Highlights & Insights¶
- The Explore-Critic paradigm is highly intuitive and effective—decomposing information gathering into two distinct roles of "exploration" and "criticism," and gradually approaching a comprehensive answer through iterative feedback. This design can be transferred to any scenario requiring multi-step information gathering (e.g., document analysis, code repository understanding).
- WebWalkerQA benchmark fills the gap: There was previously a lack of datasets specifically designed to evaluate the web traversal capabilities of LLMs. This benchmark is built upon real websites, and the questions require deep-level navigation to be answered.
- Inspiration from the integrated horizontal-vertical strategy: Complex information retrieval should not search along only one dimension but should flexibly adjust the search strategy based on task requirements.
Limitations & Future Work¶
- The current evaluation only covers English websites, with web structures and language diversity not yet fully considered.
- The Explorer relies on HTML parsing to retrieve links and content, which might fail to parse correctly on highly dynamic (JS-rendered) webpages.
- Traversal efficiency still has room for improvement—each page visit requires an LLM inference call, resulting in significant computational overhead when traversal depth is large.
- The human-machine gap remains massive (~40 points difference in EM), indicating that the capabilities of current LLMs on complex web navigation tasks are far from mature.
Related Work & Insights¶
- vs WebGPT: WebGPT also attempts to let LLMs browse the web, but it focuses more on search engine interactions rather than deep website traversal. The key difference of WebWalker lies in its emphasis on the systematic traversal of multi-level subpages.
- vs ReAct Agent: ReAct is a general reasoning-acting framework. WebWalker can be viewed as a concrete instantiation of ReAct in the web traversal scenario, with an added Critic mechanism to control the exploration process.
- vs MRAG / Auto-RAG: These methods focus on multi-turn retrieval in RAG systems, but their information sources are still limited to search engine results. In contrast, WebWalker's information source is the complete subpage structure of a website.
Rating¶
- Novelty: ⭐⭐⭐⭐ Deep web traversal is an important but overlooked direction, and the Explore-Critic paradigm design is highly reasonable.

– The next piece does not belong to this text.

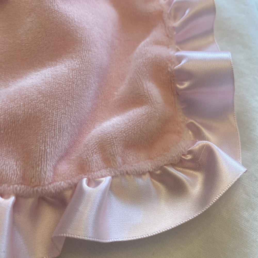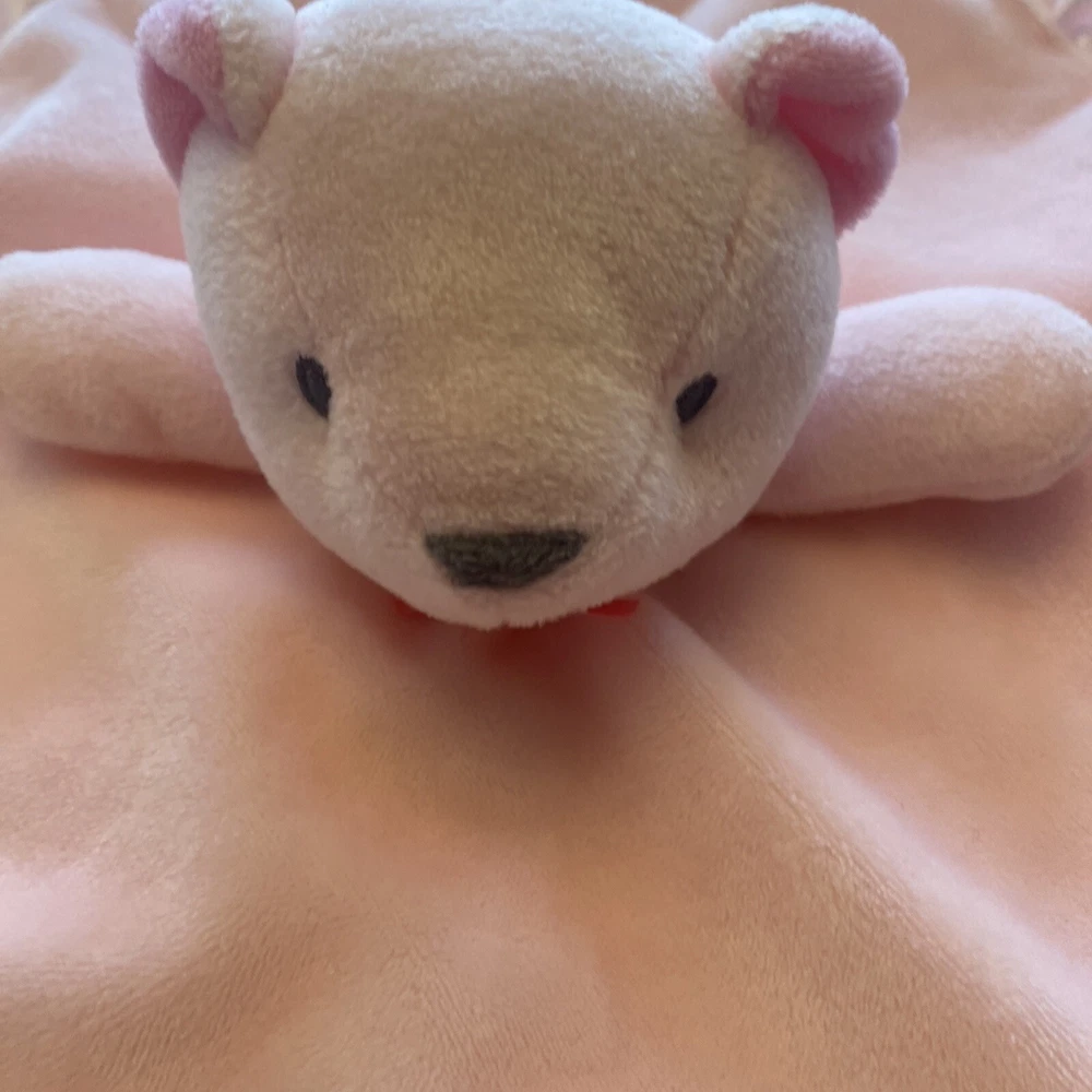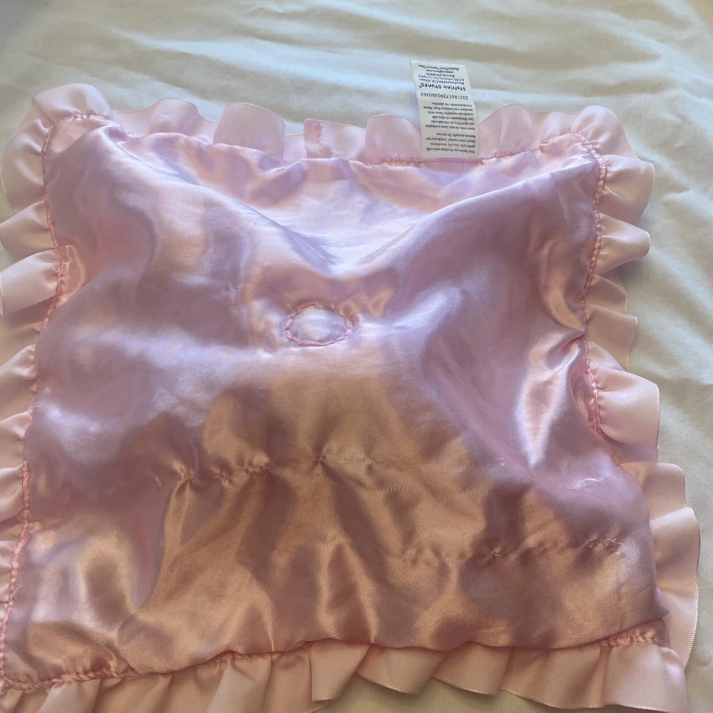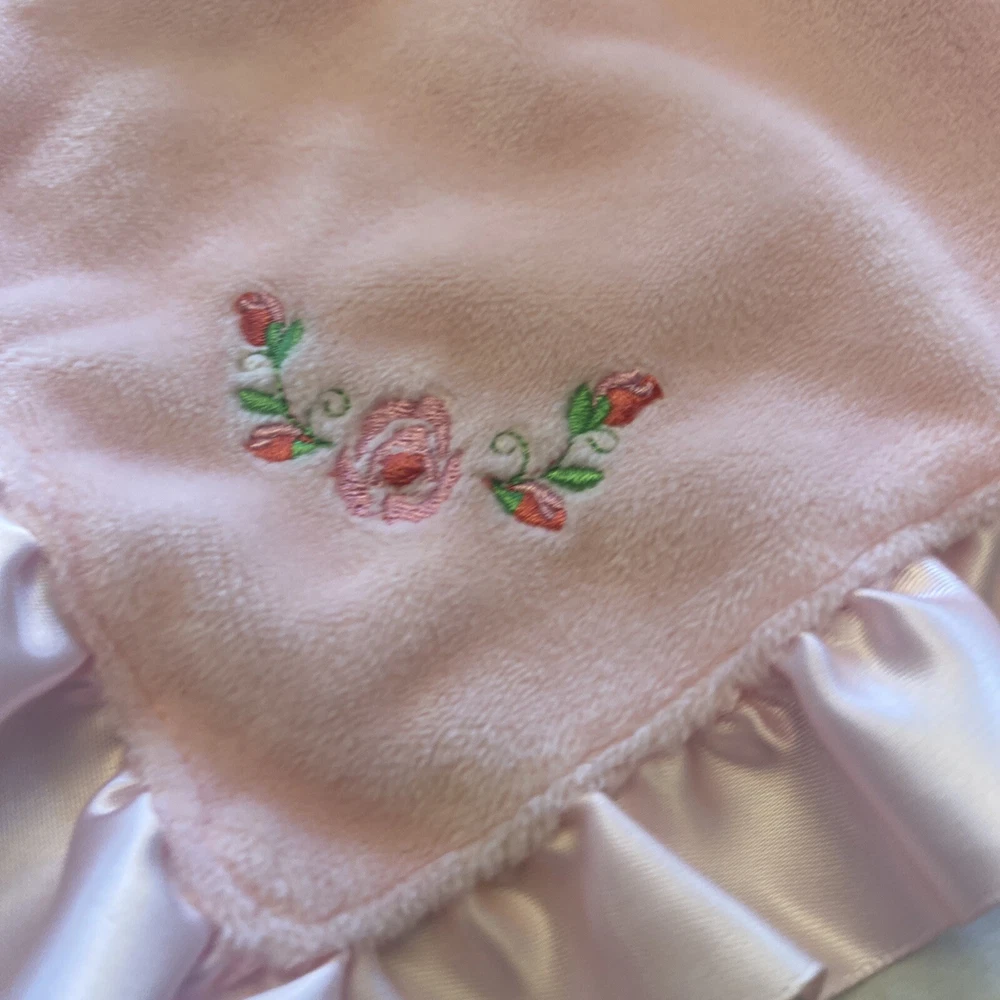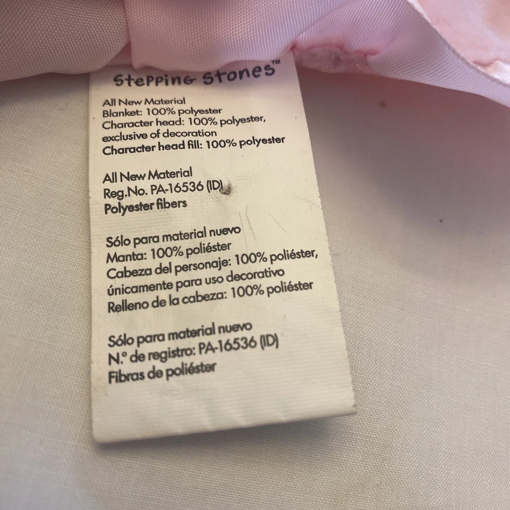 Type:Security BlanketMaterial:PolyesterTheme:Teddy Bear Flowersgtin13:Does not applyUPC:Does not applyBrand:Stepping StonesModel:Stepping StonesColor:PinkGender:GirlsSeller Notes:“Very good condition...does have a pull on the back satin”Size:13" x 13"

- Experimental Thoroughness: ⭐⭐⭐⭐ The WebWalkerQA benchmark is solidly constructed, and the comparison across multiple models and configurations is comprehensive.
- Writing Quality: ⭐⭐⭐⭐ Clear motivation and intuitive methodology description.
- Value: ⭐⭐⭐⭐ The benchmark dataset and framework hold significant reference value for subsequent Web Agent research.